Dataset entries
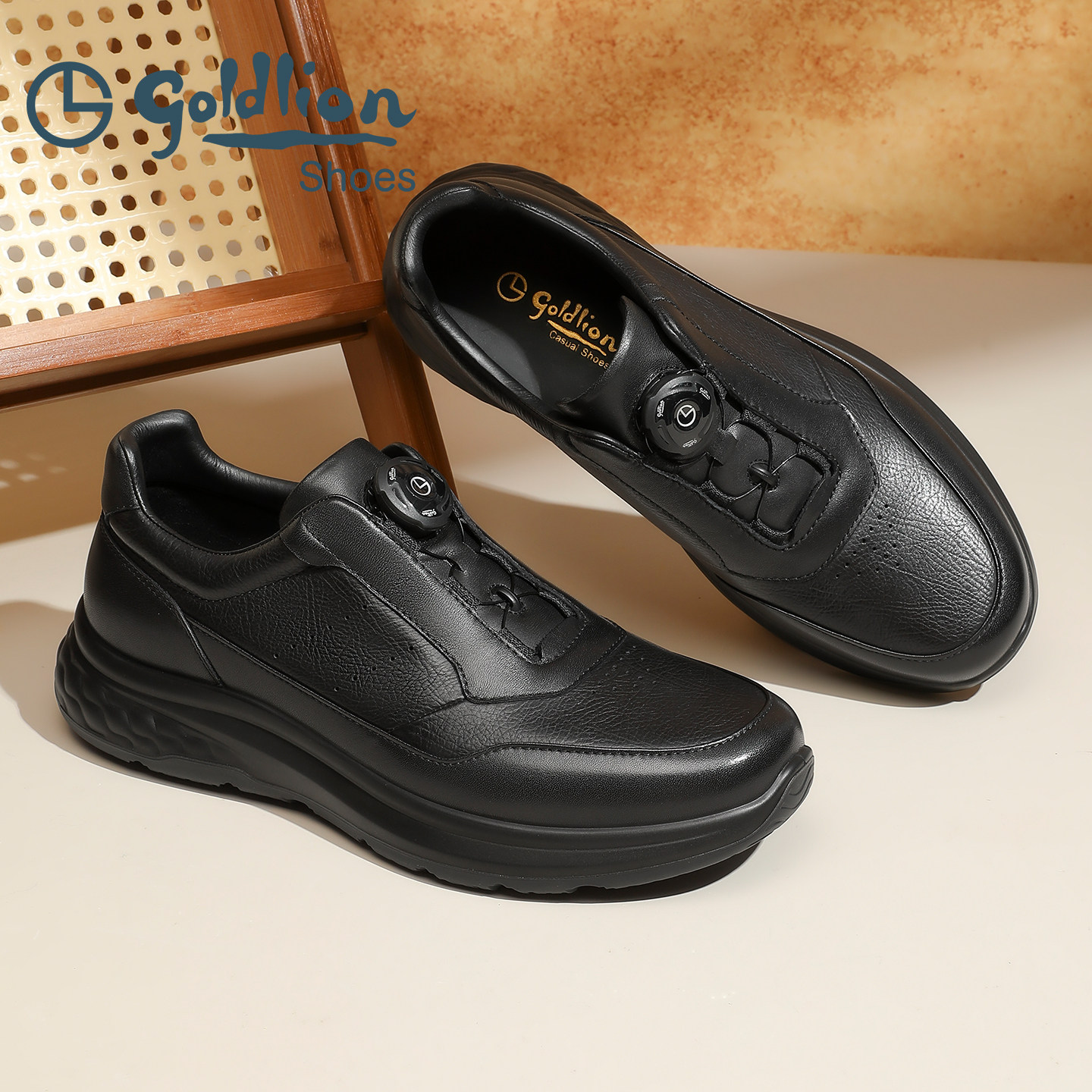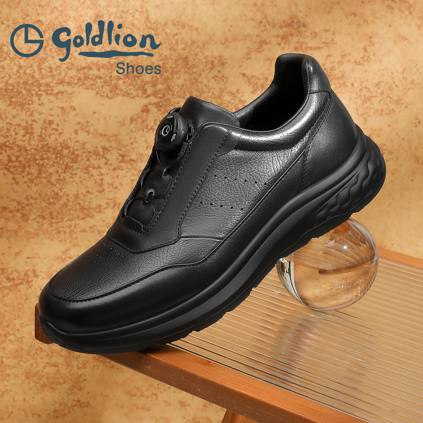 金利来男鞋2025年秋季新款厚底休闲皮鞋舒适百搭黑色真皮透气男鞋
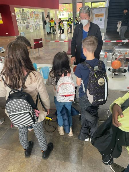 Die Vorlesung war sehr komplex gestaltet, leider nicht so kindgerecht wie sonst, aber die 4a hat Ihr Bestes gegeben dem Professor zu folgen. Es schafften alle Kinder, das Quiz zu lösen und nehmen somit an einer großen Verlosung teil. Nach der Vorlesung trafen wir auf einige Mitarbeiter der Experimenta, die mit den Kindern noch ein paar kleine Versuche durchführten. Danach ging es für die kleinen Studenten wieder mit U-Bahn und S-Bahn zurück nach Steinheim zur Schule.
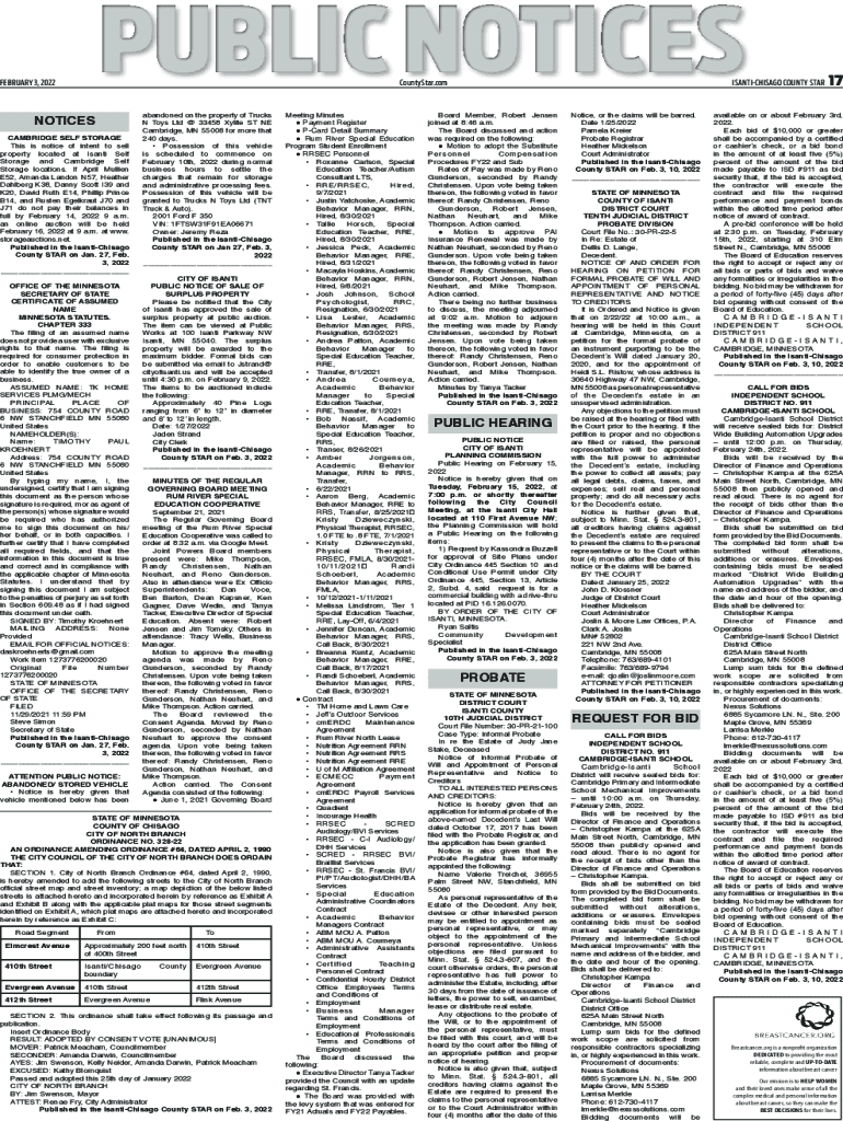 PUBLIC NOTICESFEBRUARY 3, 2022CountyStar. Counties CAMBRIDGE SELF STORAGE This is notice of intent to sell property located at Is anti-Self Storage and Cambridge Self Storage locations. If April Mullen
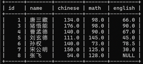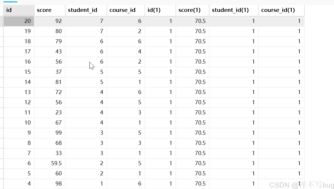 这里进行左连接查询后,就能得到一个表,score是右表,里面的信息匹配不上,就用Null填充
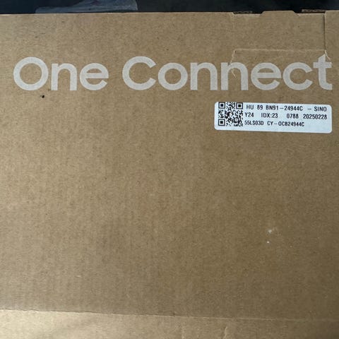 Samsung Frame 65” 2019, QE65LS03RAU, med tillhörande mediabox, fjärrkontroll och väggfäste ingår. Anslutningar finns på mediaboxen, som kopplas till TV:n med kabel.
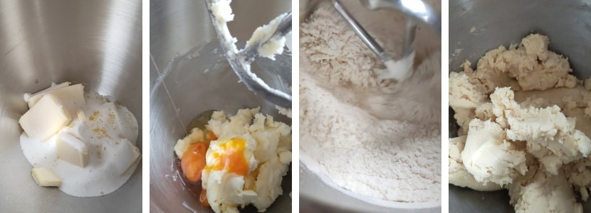 – Dans le bol du robot, mettre le sucre avec le beurre mou et le zeste de citron ; mélanger avec la feuille, puis ajouter les œufs. Une fois incorporés, ajouter la farine tamisée. Dès que la pâte se forme, arrêter la machine et poser la pâte sablée sur le plan de travail.
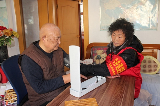 黃月菊家住在勝利油田勝東社區青勝小區,小區里孤寡、獨居、高齡老人比較多。對于行動不便的老人而言,兒女不在身邊,又缺乏對疾病的認知,自己去醫院看病真的是件難事。了解到這些老人的困難后,黃月菊自費購買了小藥箱,備好常用的醫藥工具,開始了定期為轄區老人量血壓、測體溫、檢查身體健康情況、指導用藥的助人為樂之路。2009年,在瑞達物業服務公司瑞東黨員服務社的幫助和促成下,黃月菊又把幾名退休醫生組織在一起,成立了“銀齡愛心醫療隊”,定期在小區開展醫療咨詢、健康知識講座、志愿服務等活動,為小區居民特別是老人提供無償的醫療服務,還經常購買有關書籍,結合自己多年的臨床實踐經驗,精心撰寫醫藥常識,用通俗易懂的語言為居民宣傳普及高血壓、心腦血管病及動脈硬化等常見慢性病的防治常識,增強了轄區老年居民自我保健、防病抗病的能力,并為老人們建起了健康檔案,把醫療服務送進家門。83歲高齡的趙鳳英老人就是受益者之一。

— TASK —
Reproduce all of the entries exactly as they appear, though any picture they include must be omitted.

— SOLUTION FOR THIS PROBLEM —
 金利来男鞋2025年秋季新款厚底休闲皮鞋舒适百搭黑色真皮透气男鞋
 Die Vorlesung war sehr komplex gestaltet, leider nicht so kindgerecht wie sonst, aber die 4a hat Ihr Bestes gegeben dem Professor zu folgen. Es schafften alle Kinder, das Quiz zu lösen und nehmen somit an einer großen Verlosung teil. Nach der Vorlesung trafen wir auf einige Mitarbeiter der Experimenta, die mit den Kindern noch ein paar kleine Versuche durchführten. Danach ging es für die kleinen Studenten wieder mit U-Bahn und S-Bahn zurück nach Steinheim zur Schule.
 PUBLIC NOTICESFEBRUARY 3, 2022CountyStar. Counties CAMBRIDGE SELF STORAGE This is notice of intent to sell property located at Is anti-Self Storage and Cambridge Self Storage locations. If April Mullen
 这里进行左连接查询后,就能得到一个表,score是右表,里面的信息匹配不上,就用Null填充
 Samsung Frame 65” 2019, QE65LS03RAU, med tillhörande mediabox, fjärrkontroll och väggfäste ingår. Anslutningar finns på mediaboxen, som kopplas till TV:n med kabel.
 – Dans le bol du robot, mettre le sucre avec le beurre mou et le zeste de citron ; mélanger avec la feuille, puis ajouter les œufs. Une fois incorporés, ajouter la farine tamisée. Dès que la pâte se forme, arrêter la machine et poser la pâte sablée sur le plan de travail.
 黃月菊家住在勝利油田勝東社區青勝小區,小區里孤寡、獨居、高齡老人比較多。對于行動不便的老人而言,兒女不在身邊,又缺乏對疾病的認知,自己去醫院看病真的是件難事。了解到這些老人的困難后,黃月菊自費購買了小藥箱,備好常用的醫藥工具,開始了定期為轄區老人量血壓、測體溫、檢查身體健康情況、指導用藥的助人為樂之路。2009年,在瑞達物業服務公司瑞東黨員服務社的幫助和促成下,黃月菊又把幾名退休醫生組織在一起,成立了“銀齡愛心醫療隊”,定期在小區開展醫療咨詢、健康知識講座、志愿服務等活動,為小區居民特別是老人提供無償的醫療服務,還經常購買有關書籍,結合自己多年的臨床實踐經驗,精心撰寫醫藥常識,用通俗易懂的語言為居民宣傳普及高血壓、心腦血管病及動脈硬化等常見慢性病的防治常識,增強了轄區老年居民自我保健、防病抗病的能力,并為老人們建起了健康檔案,把醫療服務送進家門。83歲高齡的趙鳳英老人就是受益者之一。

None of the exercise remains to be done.